- Waskyra™ is developed by Fondazione Telethon for Wiskott-Aldrich syndrome.
- Wiskott-Aldrich syndrome affects 1 in 250,000 live male births.
- AGC Biologics provided support for lentiviral vector production and regulatory compliance.
Approval of Waskyra™
AGC Biologics announced that Waskyra™, an ex vivo gene therapy for Wiskott-Aldrich syndrome, has received marketing authorization from the U.S. FDA and the European Commission. Developed by Fondazione Telethon, Waskyra™ offers a new treatment option for this rare immune disorder.
Wiskott-Aldrich Syndrome
Wiskott-Aldrich syndrome is a rare immune disorder affecting approximately one in 250,000 live male births. Traditional treatments have included symptomatic therapies and hematopoietic stem cell transplants from family donors.

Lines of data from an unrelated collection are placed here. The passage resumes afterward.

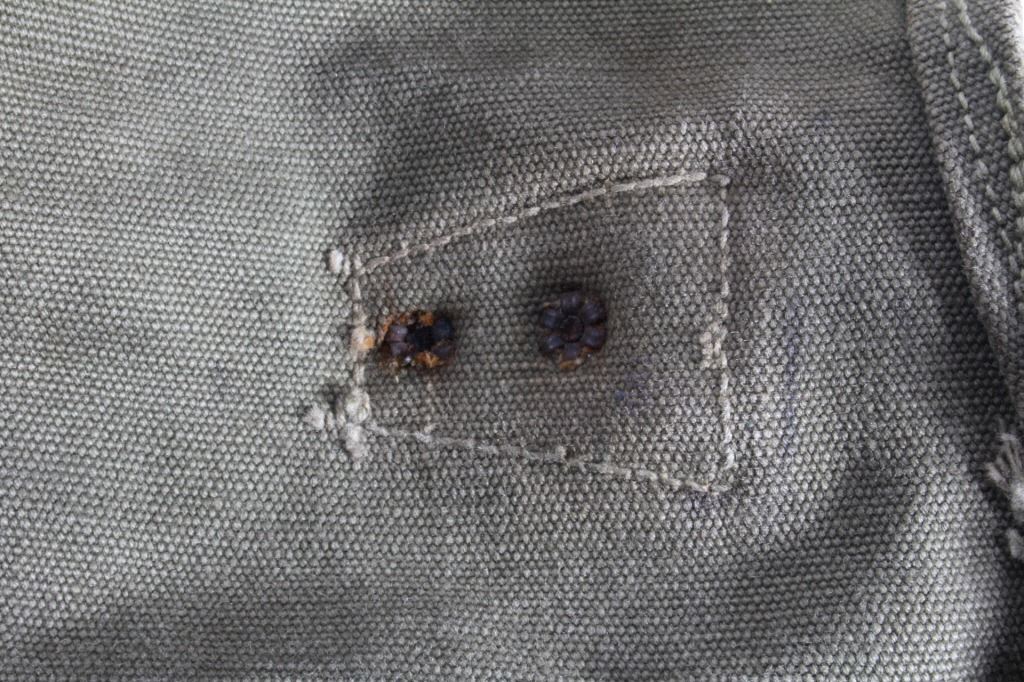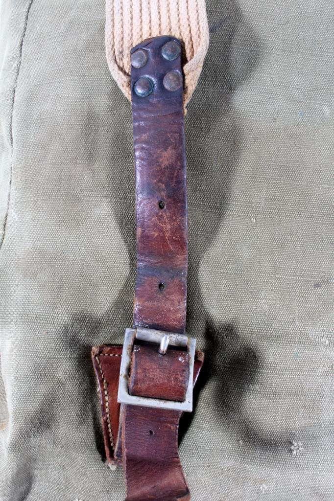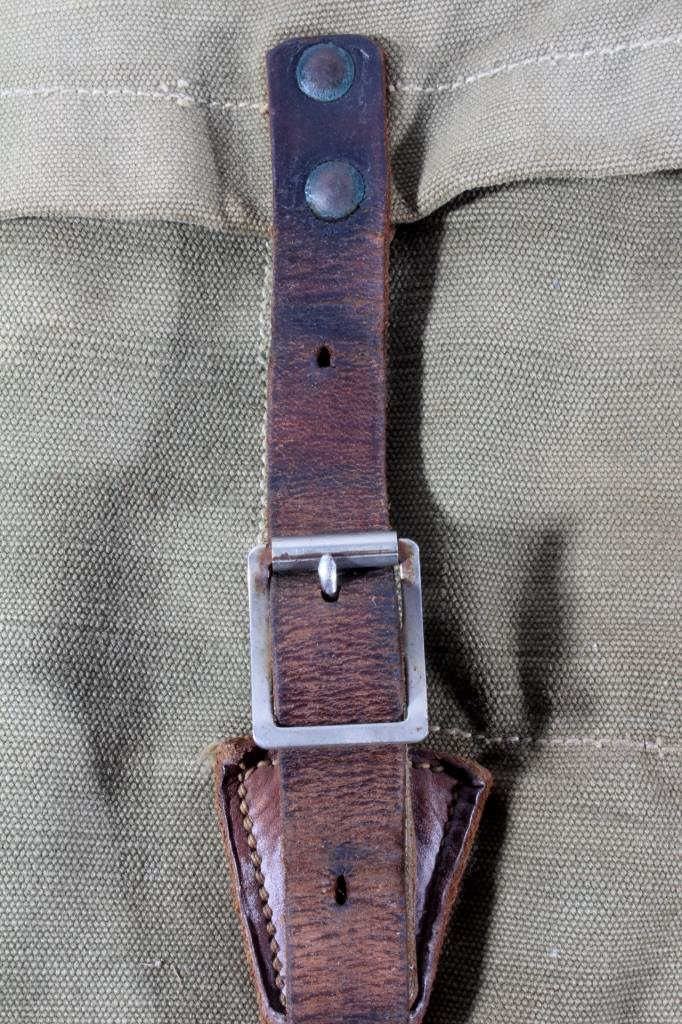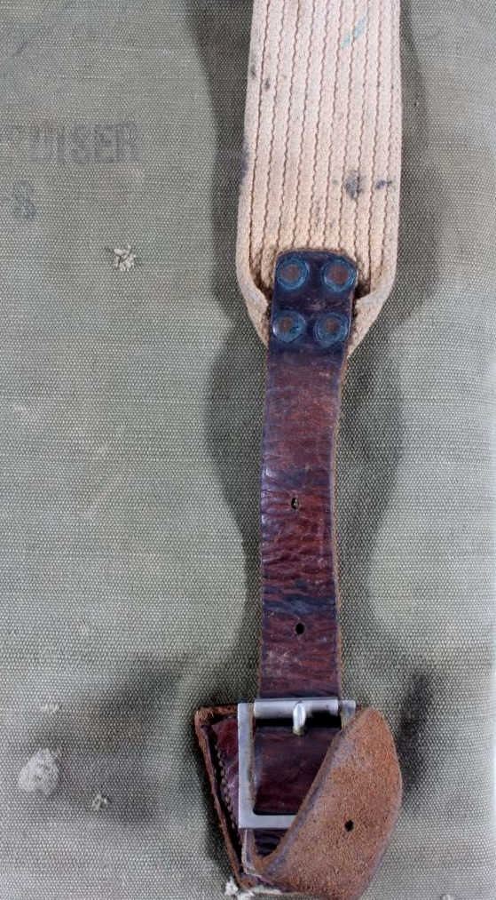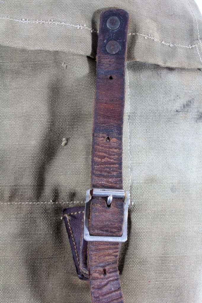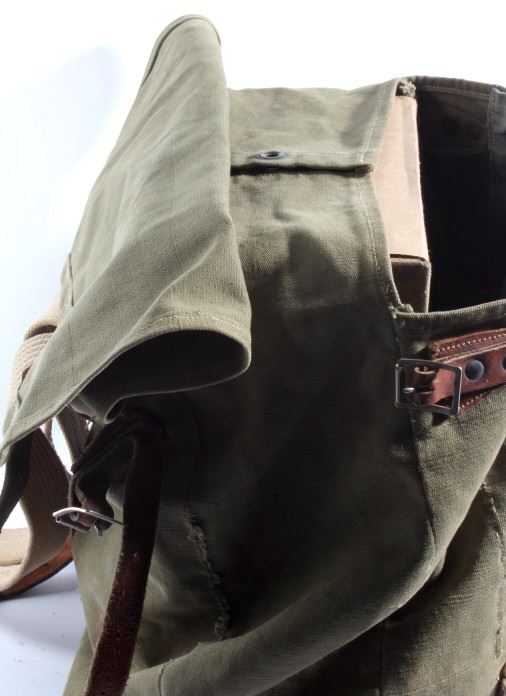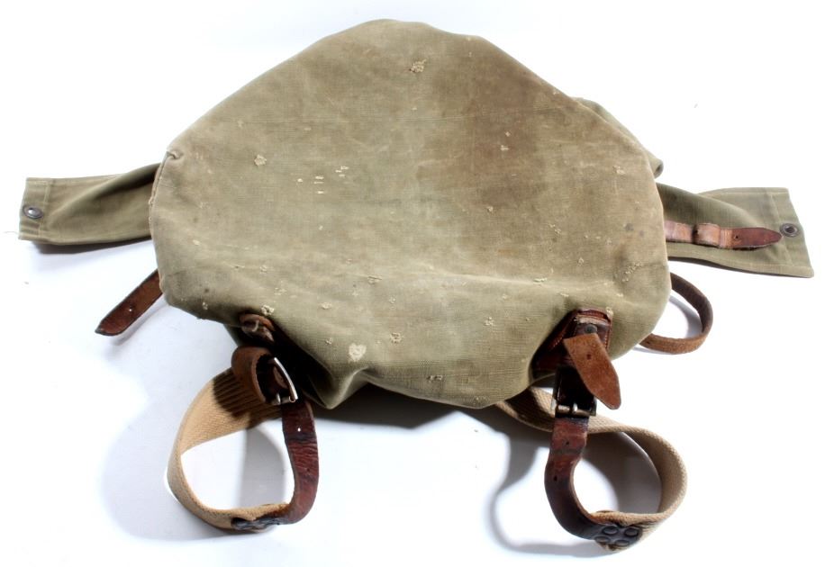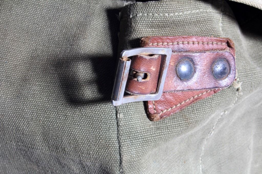 This is a vintage Duluth Pack No. 2 Cruiser. The pack is marked "No. 2 Cruiser and is believed to be made by Duluth Pack in Minnesota. According to Wikipedia, the No. 2 Cruiser Pack was developed in the 1940's and 1950's for people needing a durable pack they could take into the woods with them that would be narrow enough as not to snag on branches. The No. 2 Cruiser pack is more narrow than the larger canoe packs. The pack features a box shape, webbed cotton shoulder straps, a slash pocket on the inside, and is secured with adjustable leather straps with nickel roller buckles. The pack is in good, but well-used condition. It measures about 19" t x 16.75" w and is 5.5" deep.
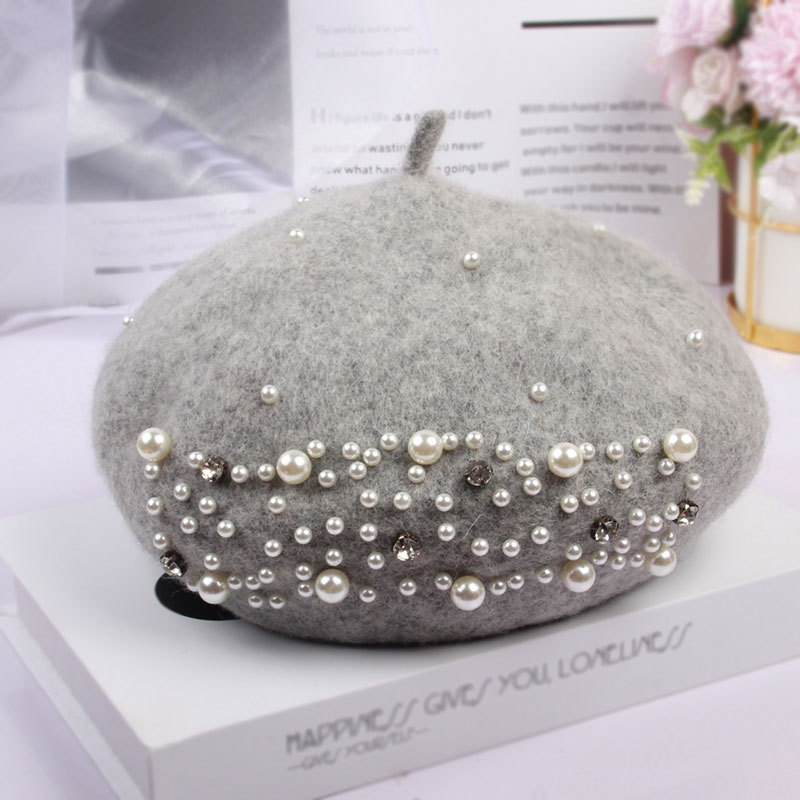• 니트 진주 베레모-대마 그레이
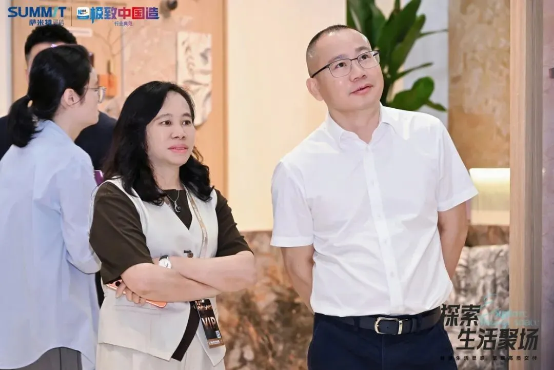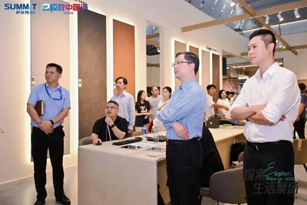 众人细致品鉴空间场景、新品纹理、工艺技术与全链路解决方案,对萨米特「家文化×年轻态」前瞻性战略升级布局给予高度评价,并纷纷点赞萨米特的品质追求和品牌创新、对萨米特完成从 “卖瓷砖” 到 “卖生活方式” 的深度蜕变,深耕年轻人居,实现数字化赋能终端的举措给予了肯定。

Innovative Treatment Approach
Waskyra™ uses the patient's own cells to correct the genetic defect, reducing donor dependency and rejection risk, while aiming for a curative outcome with minimal burden.
AGC Biologics' Role
AGC Biologics leveraged its expertise in process development and contract manufacturing of gene and cell therapies. The company provided comprehensive support for lentiviral vector production, patient-specific genetically modified cell manufacturing, and regulatory compliance, assisting with regulatory filings at every step.